# Aharonov-Bohm effect

• I
Hello! I am reading Griffiths book on QM and in the chapter about the adiabatic approximation he introduces the Aharonov-Bohm effect. I am not sure why is this effect an example of adiabatic approximation. The hamiltonian doesn't depend on time as the vector potential is not a function of time so I don't really see how does this fit in the chapter. Griffiths mentions, indeed, that the same effect holds even when the vector potential depends on time, but again, there is nothing mentioned about slow change (which is required for the adiabatic approximation to hold). Can someone explain to me what is Griffiths actually doing there? Thank you!

strangerep
Can someone explain to me what is Griffiths actually doing there?
Since no one else has answered, here's my \$0.02...

Chapter 10 of Griffiths progresses through the following sequence:

-- Nonholonomic systems (in which interesting measurable phenomena can happen even adiabatically, by transport around a closed loop),

-- Geometric Berry phase (which is an example of such "interesting, measurable" phenomena). He derives the geometric net phase change formula [10.49] using the adiabatic approximation back in [10.40]. See his remarks under point 3 on p338.

-- Then he gives an example of an electron in a magnetic field of constant magnitude, but changing direction, (still using the adiabatic approximation), and derives the net phase change of the electron wave function.

-- Then he moves on the A-B effect (presumably because it involves a net phase change around a closed loop, similar to geometric phase). BUT, as he notes on p348 after eq[10.95], in this case the process of going around the solenoid doesn't have to be adiabatic.

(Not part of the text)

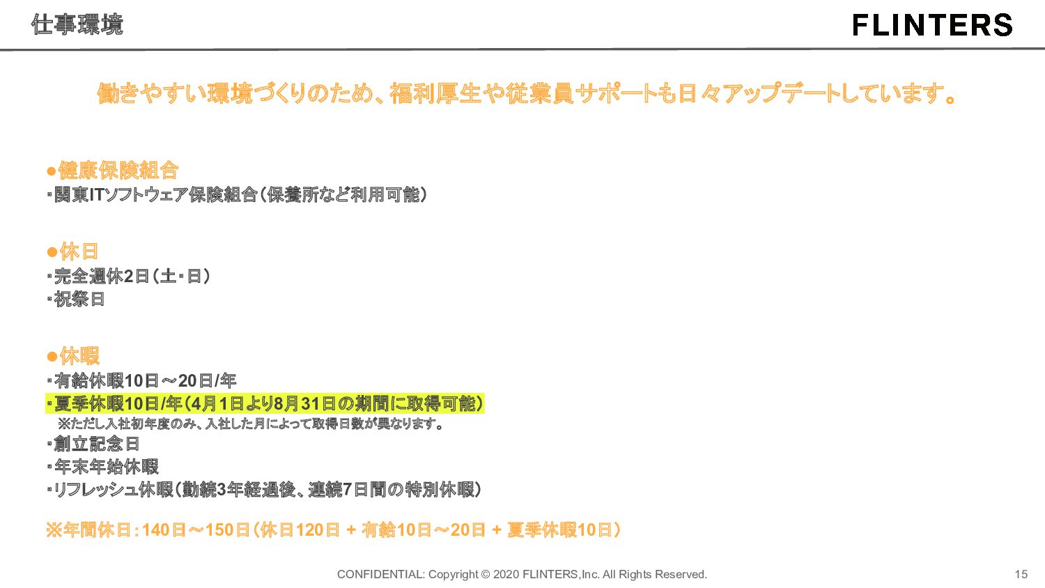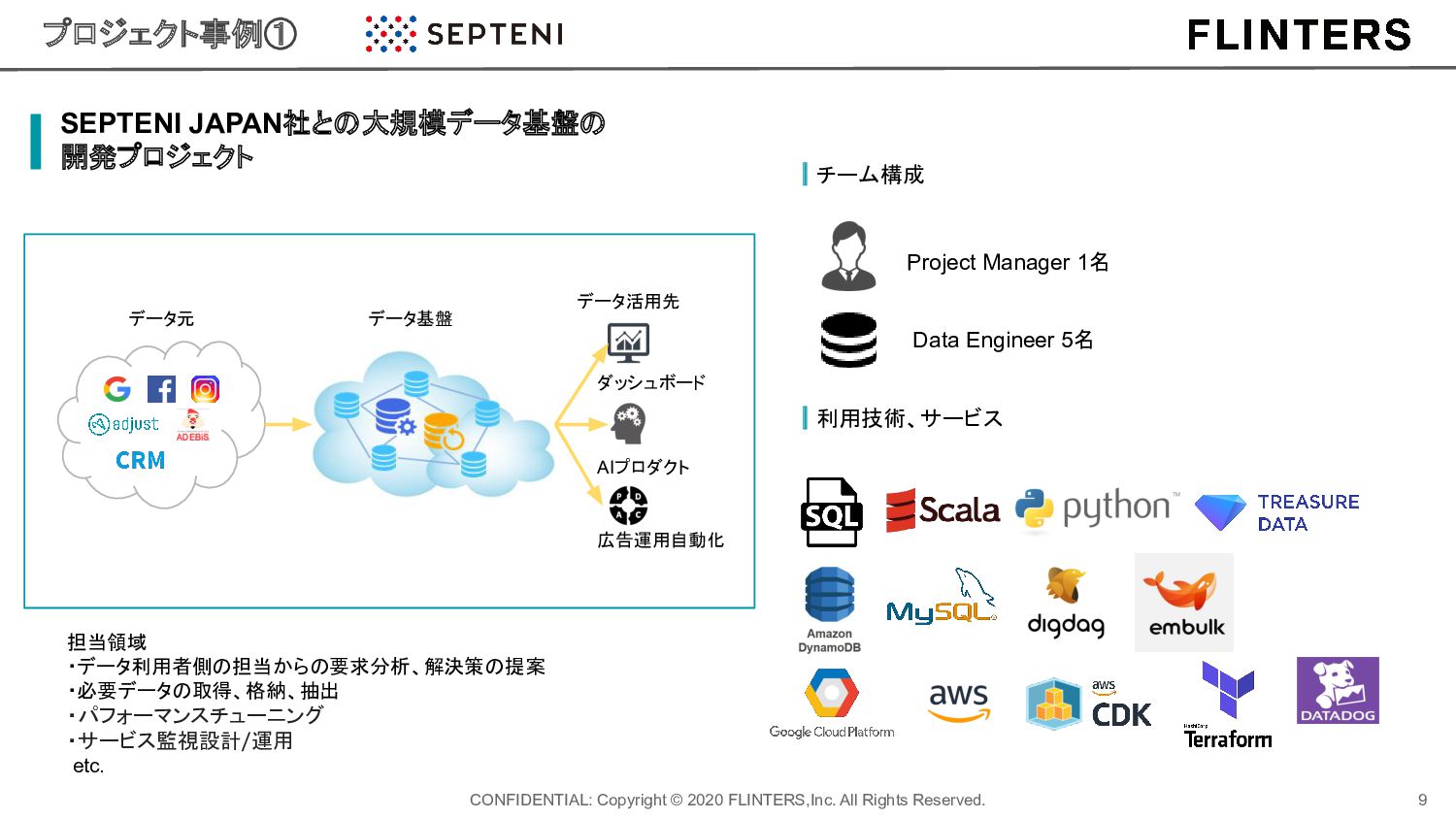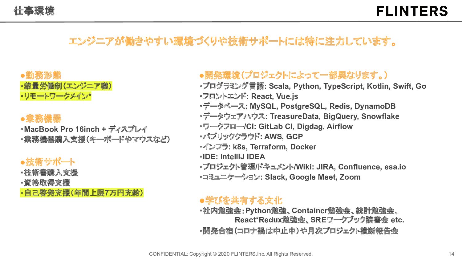 •勤務形態 ・裁量労働制(エンジニア職) ・リモートワークメイン* •業務機器 ・MacBook Pro 16inch + ディスプレイ ・業務機器購入支援(キーボードやマウスなど) •技術サポート ・技術書購入支援 ・資格取得支援 ・自己啓発支援(年間上限7万円支給) •開発環境(プロジェクトによって一部異なります。) ・プログラミング言語: Scala, Python, TypeScript, Kotlin, Swift, Go ・フロントエンド: React, Vue.js ・データベース: MySQL, PostgreSQL, Redis, DynamoDB ・データウェアハウス: TreasureData, BigQuery, Snowflake ・ワークフロー/CI: GitLab CI, Digdag, Airflow ・パブリッククラウド: AWS, GCP ・インフラ: k8s, Terraform, Docker ・IDE: IntelliJ IDEA ・プロジェクト管理/ドキュメント/Wiki: JIRA, Confluence, esa.io ・コミュニケーション: Slack, Google Meet, Zoom •学びを共有する文化 ・社内勉強会:Python勉強、Container勉強会、統計勉強会、 React*Redux勉強会、SREワークブック読書会 etc. ・開発合宿(コロナ禍は中止中)や月次プロジェクト横断報告会 エンジニアが働きやすい環境づくりや技術サポートには特に注力しています。

I'm not sure why Griffiths does it this way. Maybe it's because the general idea of net phase change around a closed loop is easier to present at introductory level if one uses the adiabatic approximation (which simplifies some of the math). But the A-B effect, which doesn't need the adiabatic approximation, shows that net phase change around a closed loop is of far more general importance in QM, not merely in the restricted circumstances of the adiabatic approximation.

HTH.